In our conversation she brought up the fact that she'll be 88 years old this Nov. and it hit me..."Charlotte, we've grown old together!" We met 15 years ago when she was only 73 and I was only 51. Much has happened in my life during those 15 years and less has changed in hers, yet more physically.
I sat down to read from Further Along The Road Less Traveled by M. Scott Peck and came upon the following and I knew I had to stop and write in my blog: "We cannot go back. We can only go forward. To go back to Eden would be like trying to return to our mother's womb, to infancy. Since we cannot go back to the womb or infancy, we must grow up. We can only go forward through the desert of life, making our way painfully over parched and barren ground into increasingly deeper levels of consciousness."
Reading further, I enjoyed this...Peck was asked about his 2nd book and was asked what it was about. He states: "I went into this intellectual bit about how it was an integration of psychiatry and religion. After about thirty seconds he commented. 'Well, it sounds to me like it's about getting your shit together.'
That man had the gift of discernment. So at the next TV talk show I went to, I asked if I could tell that story.

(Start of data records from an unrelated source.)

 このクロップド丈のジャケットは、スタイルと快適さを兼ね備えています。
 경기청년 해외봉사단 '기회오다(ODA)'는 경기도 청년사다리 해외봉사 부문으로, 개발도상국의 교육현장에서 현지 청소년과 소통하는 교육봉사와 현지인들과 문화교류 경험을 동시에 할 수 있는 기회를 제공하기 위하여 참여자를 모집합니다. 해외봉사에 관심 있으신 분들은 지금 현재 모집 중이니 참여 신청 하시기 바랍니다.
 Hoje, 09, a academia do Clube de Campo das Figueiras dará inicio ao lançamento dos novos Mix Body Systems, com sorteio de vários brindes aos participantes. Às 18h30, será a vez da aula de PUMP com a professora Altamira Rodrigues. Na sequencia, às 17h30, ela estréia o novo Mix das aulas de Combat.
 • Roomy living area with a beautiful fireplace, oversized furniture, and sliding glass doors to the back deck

They said no. Thinking that they objected to the word 'shit,' I offered to say 'stuff' instead. But they still said no.
People just don't want to talk about maturation. It is too painful."

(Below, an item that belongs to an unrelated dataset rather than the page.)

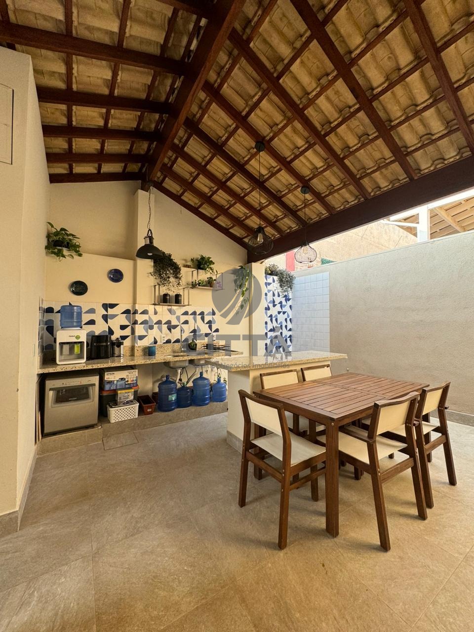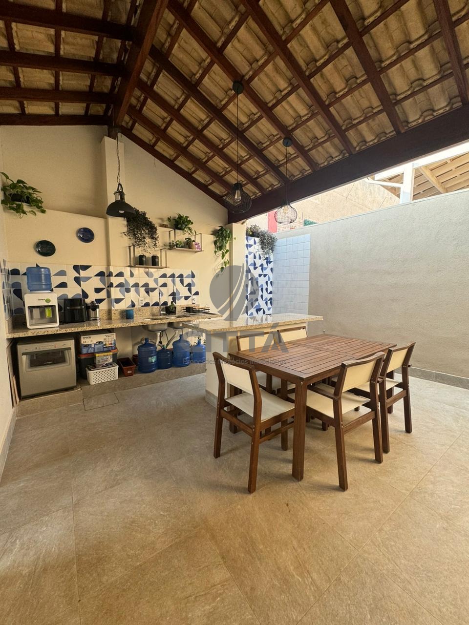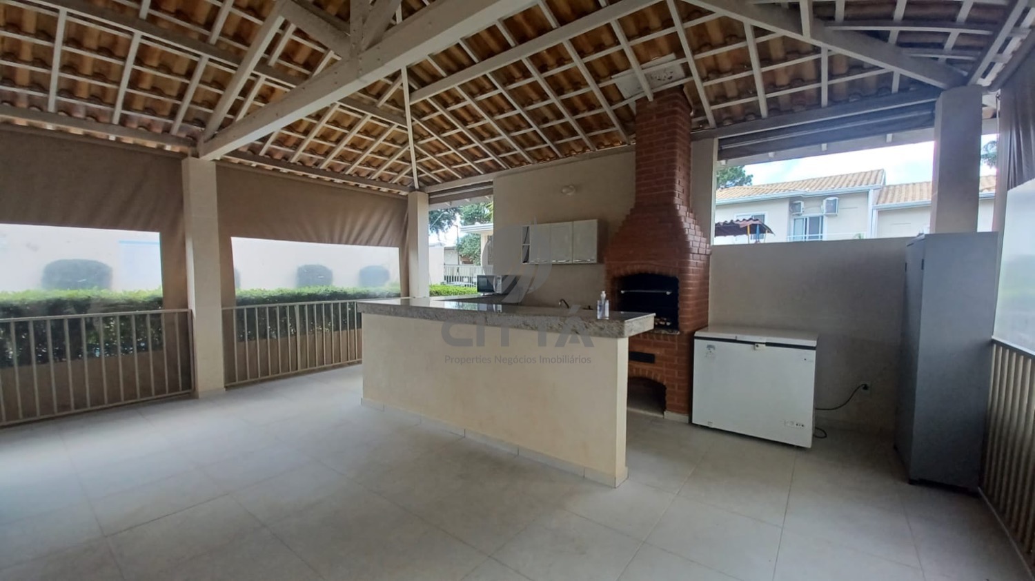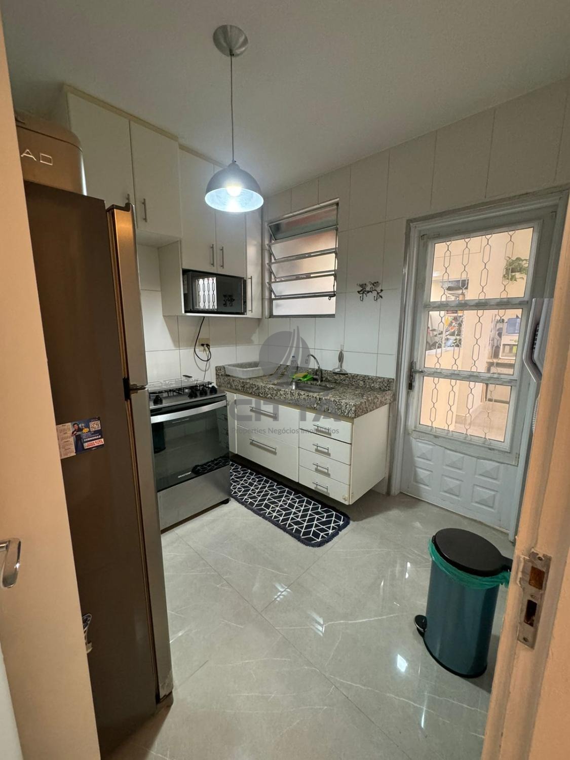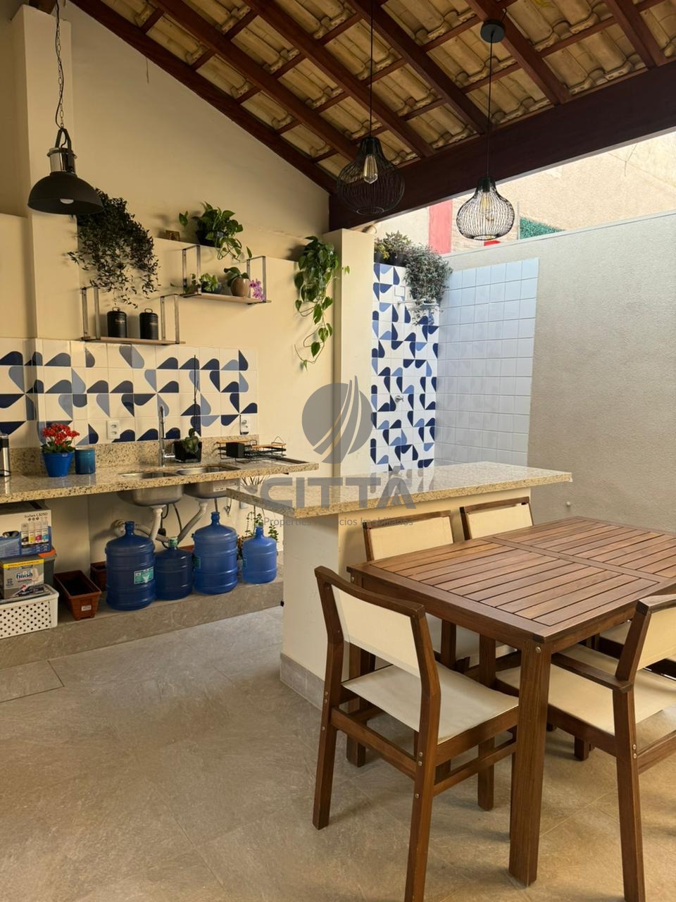 Sala ampla com cozinha, lavabo, quintal e área de serviço.

I like thinking about myself as becoming mature instead of just plain OLD and that's why I'm continuing to read this book. But as I'm reading I'm also finding something interesting while spending time with my grandchildren....especially one event that happened today!
If you read a previous post about living so you'll be missed, I was thinking today while struggling to put a DVD cover my grandson had taken off, how dumb he must think I am. I sat here trying to put it in while it was closed and I gave up. When I asked him to put it in since I couldn't, he said, Oh, Nana, that's easy and proceeded to open it up to where it was a flat surface and the cover slipped easily back into it's place.
He's helped me in several far more challenging tasks than that one proving great mechanical ability and I'm convinced he has a great future. At 13 years old, he's got strong hands and a strong mind to go with it. I hope he'll miss me when I'm gone but I know I'll miss him when I leave to go anywhere (and his siblings...all 5).
I may sound rambling, but I think about growing old and having old friends and now kids that make me feel "dumb," but I'm glad to be near where they get that opportunity! Perhaps it's a sign of maturity!